▶ INSTRUCTIONS FOR THE TASK: Your task is to print all of the data below exactly, with no pictures included.

▶ SUPPLIED DATA:
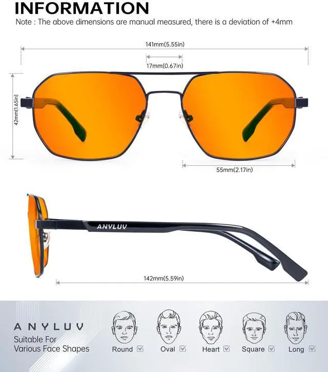 Low Color Distortion Lens: Unlike other blue light glasses mens on the market, ANYLUV's low color distortion lenses are optimized to ensure that you experience minimal color variation, providing the perfect balance between eye protection and viewing quality.
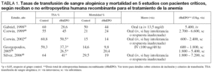 Posteriormente se han realizado varios ensayos clínicos aleatorizados y controlados más amplios. En el primero, Corwin et al46 incluyeron 160 pacientes que fueron divididos en dos grupos de 80 y que recibieron placebo o EPO (300 UI/kg/día), diariamente desde el día 3 hasta el día 7 y después en días alternos. El objetivo del tratamiento era alcanzar un hematocrito del 38% y, para ello, éste se mantuvo como mínimo hasta el día 15 o el alta, si ésta se producía antes, y como máximo hasta las 6 semanas. La administración de TSA dependía únicamente del criterio del médico. En relación con el grupo placebo, en el grupo tratado un 22% menos de pacientes recibió TSA (55% frente a 45%), y un 84% menos de unidades de concentrado de hematíes (305 frente a 166 U) y alcanzó un hematocrito más alto (35 ± 5% frente a 31 ± 4), aunque no hubo diferencias en la mortalidad entre ambos grupos (21 frente a 24%) (tabla 1).
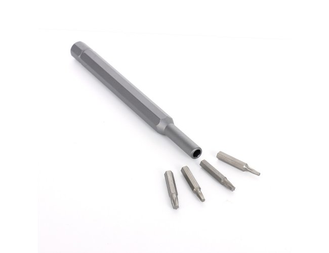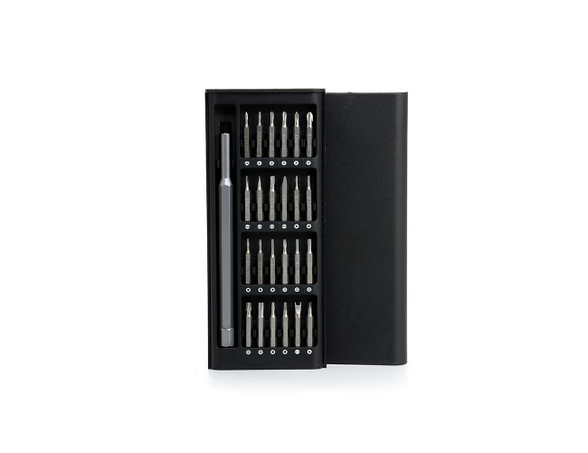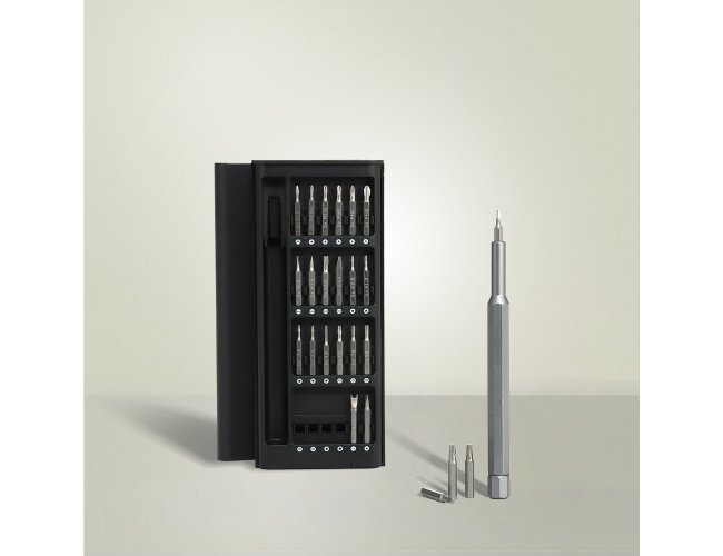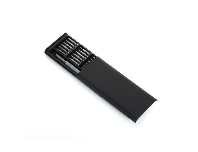Kit ferramenta com 25 peças em estojo plástico com tampa de encaixe. Contém: 1 chave extensora rotatória para conexão das ponteiras, 1 ponteira Tri-Wing, 5 ponteiras Phillips, 4 ponteiras fenda, 10 ponteiras Torx, 2 ponteira Allen, 1 ponteira spanner e 1 ponteira fenda triangular.

▶ EXPECTED ANSWER:
 Low Color Distortion Lens: Unlike other blue light glasses mens on the market, ANYLUV's low color distortion lenses are optimized to ensure that you experience minimal color variation, providing the perfect balance between eye protection and viewing quality.
 Posteriormente se han realizado varios ensayos clínicos aleatorizados y controlados más amplios. En el primero, Corwin et al46 incluyeron 160 pacientes que fueron divididos en dos grupos de 80 y que recibieron placebo o EPO (300 UI/kg/día), diariamente desde el día 3 hasta el día 7 y después en días alternos. El objetivo del tratamiento era alcanzar un hematocrito del 38% y, para ello, éste se mantuvo como mínimo hasta el día 15 o el alta, si ésta se producía antes, y como máximo hasta las 6 semanas. La administración de TSA dependía únicamente del criterio del médico. En relación con el grupo placebo, en el grupo tratado un 22% menos de pacientes recibió TSA (55% frente a 45%), y un 84% menos de unidades de concentrado de hematíes (305 frente a 166 U) y alcanzó un hematocrito más alto (35 ± 5% frente a 31 ± 4), aunque no hubo diferencias en la mortalidad entre ambos grupos (21 frente a 24%) (tabla 1).
Kit ferramenta com 25 peças em estojo plástico com tampa de encaixe. Contém: 1 chave extensora rotatória para conexão das ponteiras, 1 ponteira Tri-Wing, 5 ponteiras Phillips, 4 ponteiras fenda, 10 ponteiras Torx, 2 ponteira Allen, 1 ponteira spanner e 1 ponteira fenda triangular.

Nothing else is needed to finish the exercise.